When not handled properly, they can disproportionately influence the model’s parameter estimates, leading to a model that is overly influenced by extreme observations.
This can result in poor generalization to new, unseen data and decreased overall model performance.

Fig 8.8 from textbook: Scatter plot of a subset of the data, with outlier highlighted in red.

Fig 8.9 from textbook: Scatter plot of the full data, with outlier highlighted in red.

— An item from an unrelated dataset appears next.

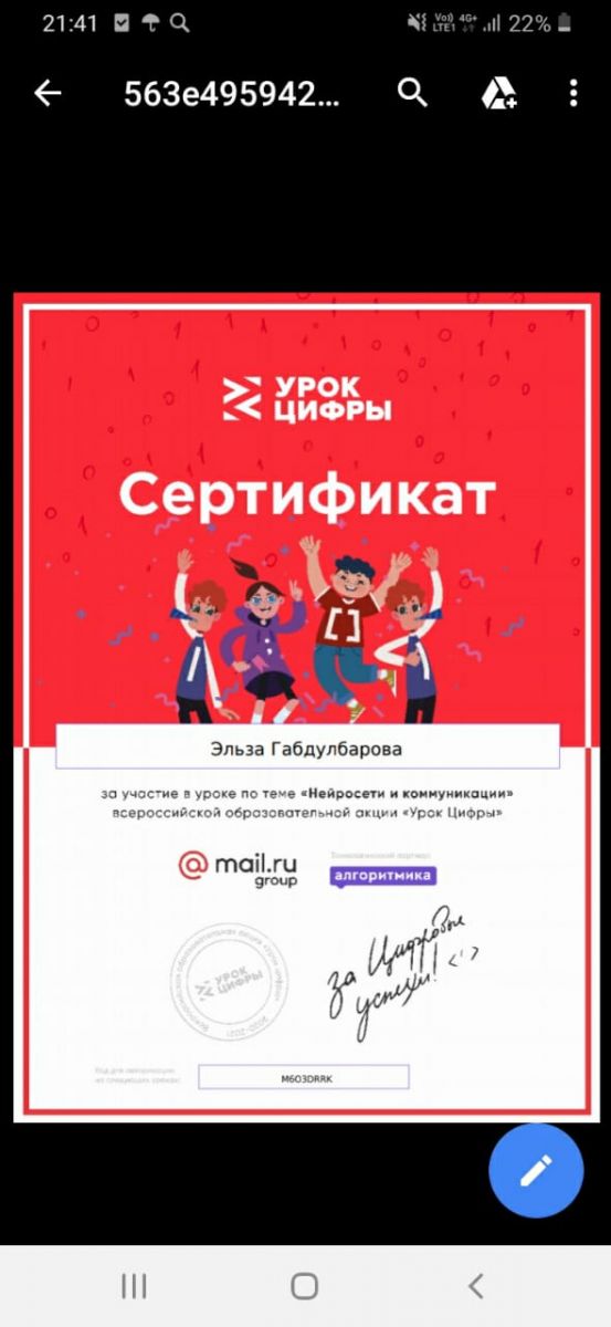 Обучающиеся нашей школы приняли участие во Всероссийской образовательной акции "Урок цифры" -2020.После прохождения теста получили сертификаты.

Notice the affect of this outlier is less when we have more data.

Collinear Predictors:

Collinearity (or multicollinearity) is when two or more predictor variables in a model are highly correlated¹
This relationship can lead to issues in the estimation of the regression coefficients, and it affects the interpretation and reliability of the model.
To put another way, small changes to the data can results in large changes in the estimated coefficients that describe the plane of best fit.

Fig 8.10 from textbook: Scatter plot of house size (in square feet) measured by person 1 versus house size (in square feet) measured by person 2.

Sacramento Data

Rerunning linear regression model on three different subsets of the date, we get very coefficients:

\[\begin{align*} \texttt{price} = 3682 + 312\cdot\texttt{sqrt1} + 182 \cdot\texttt{sqrt}\\ \texttt{price} = 20596 + 312\cdot\texttt{sqrt1} -172 \cdot\texttt{sqrt}\\ \texttt{price} = 6673 + 312\cdot\texttt{sqrt1} + 104 \cdot\texttt{sqrt} \end{align*}\]

Collinearity happens quite commonly in practice

Example of two predictors from the body dataset from the gclus package.

Designing new predictors

There are a wide variety of cases where the predictor variables do have a meaningful relationship with the response variable, but that relationship does not fit the assumptions of the regression method you have chosen.

For example, a data frame df with two variables—x and y—with a nonlinear relationship between the two variables will not be fully captured by simple linear regression

Instead of trying to predict the response y using a linear regression on x, we might try to regress y on a cubic function of x

Feature Engineering

So before performing regression, we might create a new predictor variable z using the mutate function:
```
df <- df |> mutate(z = x^3)
```
The process of transforming predictors (and potentially combining multiple predictors in the process) is known as feature engineering.

Comments

The process of transforming predictors (and potentially combining multiple predictors in the process) is known as feature engineering¹
This will rely on a deep understanding of the problem as well as the models.

Warning

Note: Feature engineering is part of tuning your model, and as such you must not use your test data to evaluate the quality of the features you produce. You are free to use cross-validation, though!